Таинственная страсть. Роман о шестидесятниках - Василий Аксенов
Шрифт:
Интервал:
«Можешь взять, Роб. У меня их полно: энтээсовцы во Франкфурте натаскали».
Роберт с жадностью пролистал книжицу. В конце ее была вся подборка живаговских стихов. Сунул в свой карман. Невольно оба оглянулись через плечо: не наблюдает ли их «служба тыла»? Кафе было заполнено. Все ели и пили. Кто тут может их наблюдать? Все и каждый. Ведь наши рожи-то уже порядочно примелькались. Официант принес бутылку марочного коньяку. Привет из солнечного Еревана. С уважением к поэзии. Куда бы они ни приходили, им начинали с других столов посылать презенты. Так ведь можно с катушек съехать.
«Робка, ты лучше крепкого не пей, — посоветовал Ян. — Водка и коньяк бьют по шарам, знаешь ли. Надо пить хорошее шампанское. Только шампанское и только хорошее. Совсем другой тип опьянения. Шампанское — это вино поэтов, без него не было бы и Пушкина».
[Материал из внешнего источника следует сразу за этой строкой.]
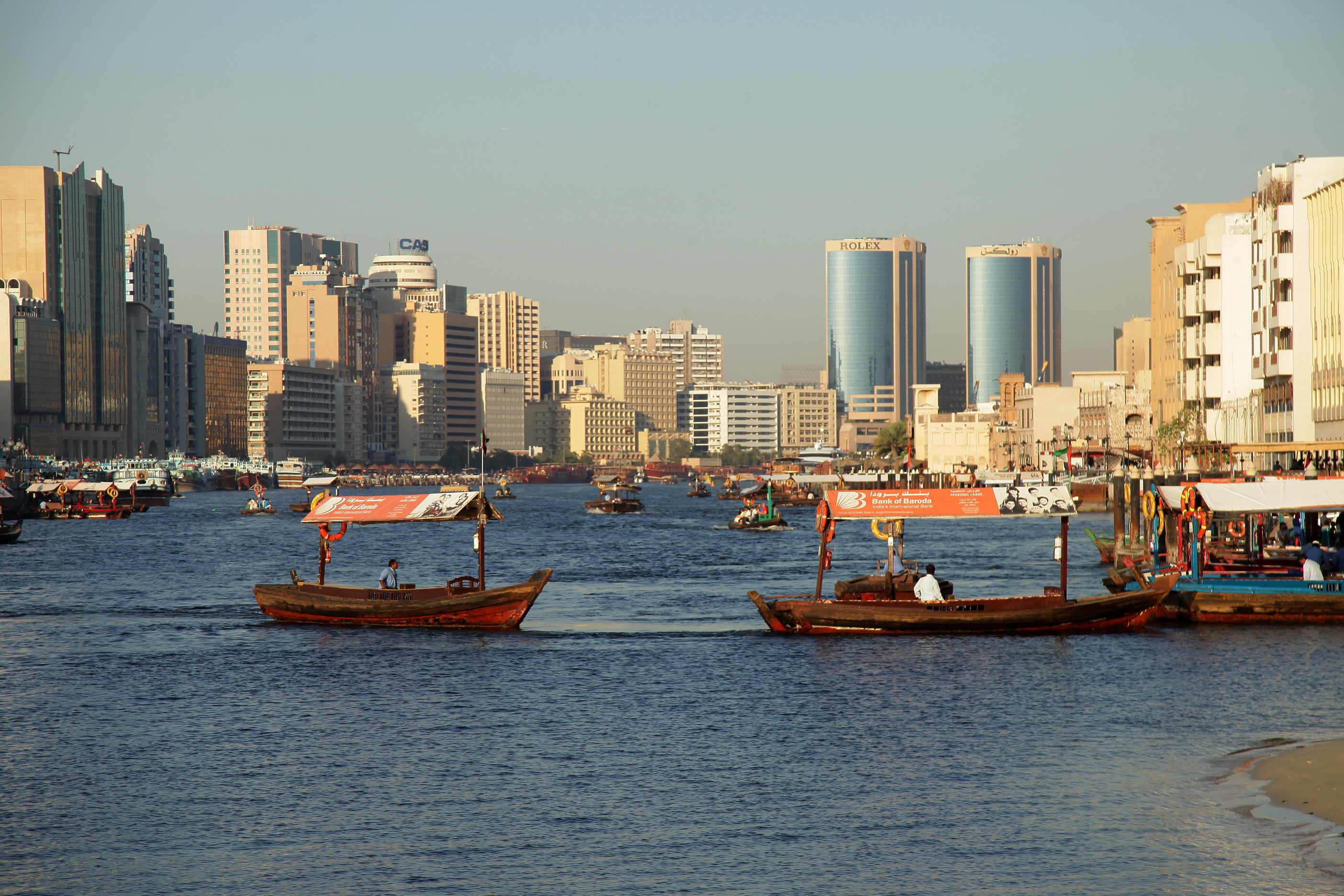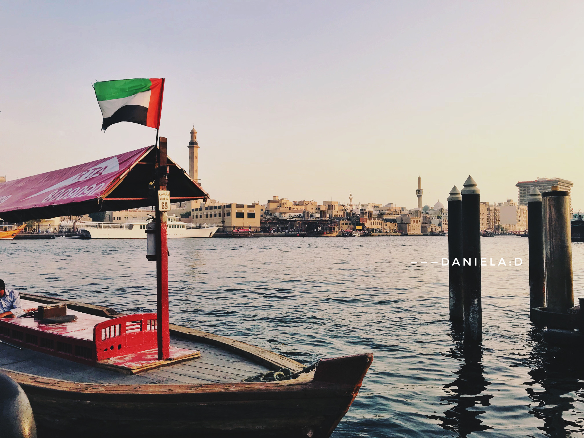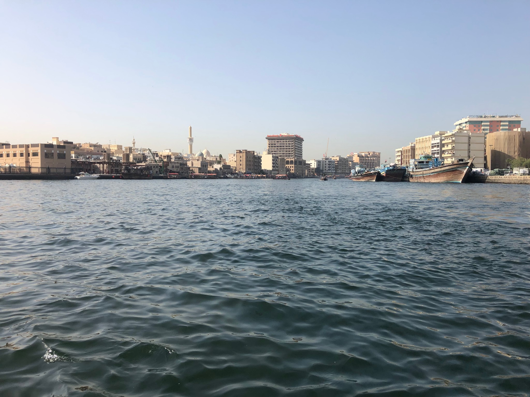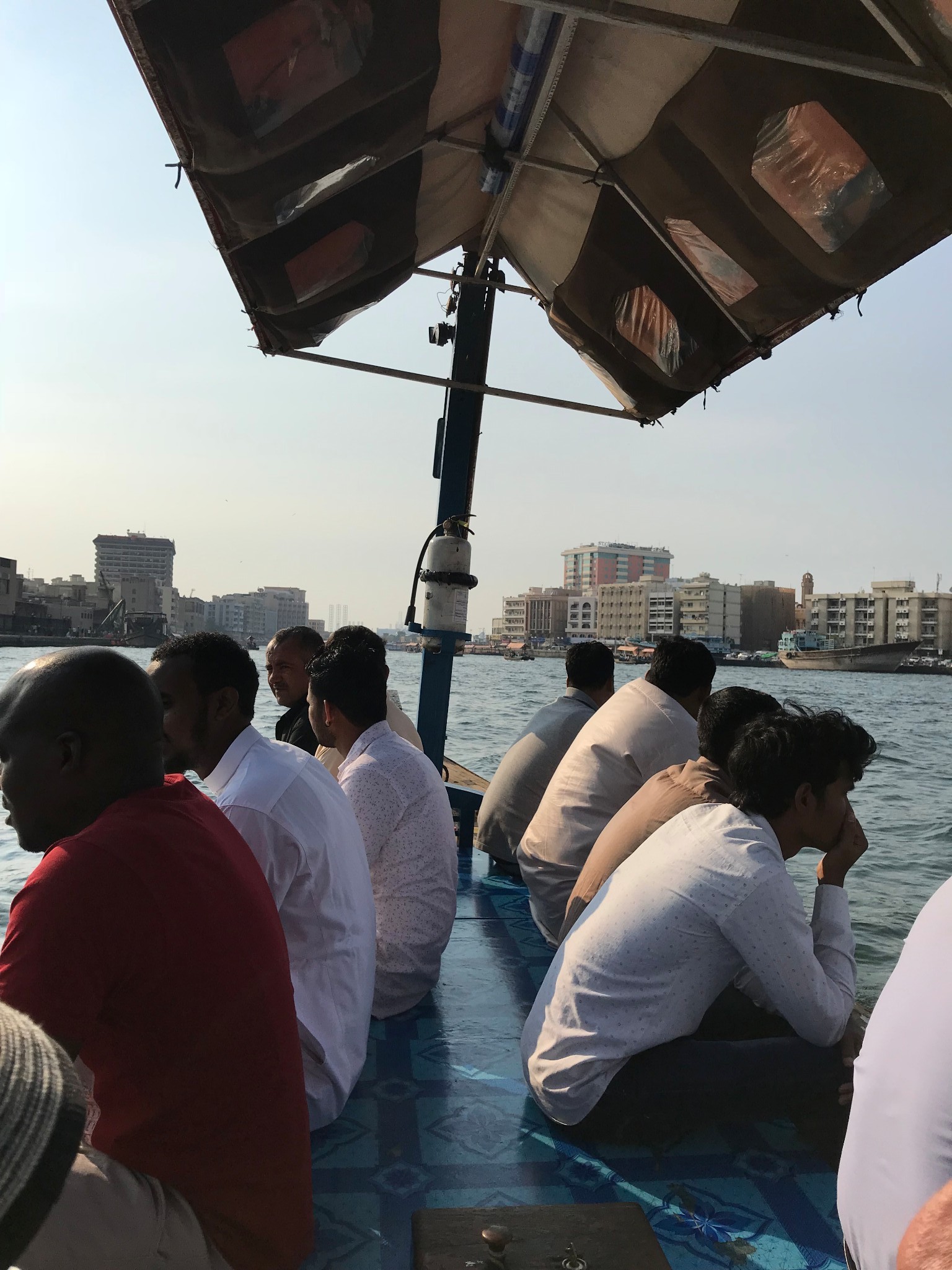 乘坐迪拜湾上的阿布拉船(Abra)穿越迪拜湾,其实就是当地人的轮渡,船费1AED/人,孩子们免费,记得准备好零钱。迪拜河的水非常之清,还有海鸟在河上飞。
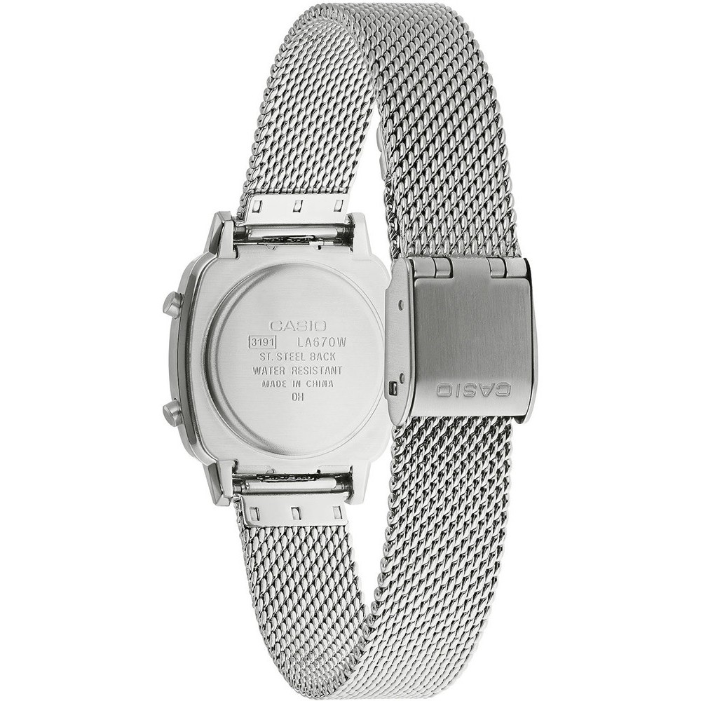 Especificações Técnicas Relógio Casio Vintage LA670WEM-7DF - Gênero: Feminino - Mecanismo: Digital - Alimentação: Bateria - Composição do Vidro: Resina - Material da Caixa: Aço Inoxidável - Material da Pulseira: Aço Inoxidável - Resistência à Água: 3 ATM ? 30 Mts. - Espessura da Caixa: 33,5mm - Largura da Caixa: 8mm -Peso: 30g - Itens Inclusos na Caixa: Relógio, manual de instruções, certificado de garantia - Prazo de Garantia: 12 meses (Rede de Autorizadas) Relógio 100% Original, acompanha caixa, manual, certificado de garantia Casio e NF. Somos revendedores oficial e autorizado da CASIO (fabricado e comercializado pela CASIO BRASIL COMÉRCIO PRODUTOS ELETRONICOS LTDA), todos os relógios comercializados pela nossa empresa possuem GARANTIA NACIONAL do FABRICANTE e caso o produto que adquiriu apresente algum defeito durante o período da garantia, basta encaminhá-lo diretamente à assistência técnica mais próxima de sua região, sempre acompanhado do CERTIFICADO de GARANTIA e NOTA FISCAL.

И тут на улице, то есть в мире, произошло некоторое знамение: на центр Москвы, где только что жиденько посвечивало безоблачное небо, вдруг наехала драматическая туча, повалил густой мягкий снег, и сквозь эту завесу к кафе «Артистическое» прошла удивительная красавица, некая леди в лисьей жакетке, узкой юбке и высоких сапогах, расшитых бисером.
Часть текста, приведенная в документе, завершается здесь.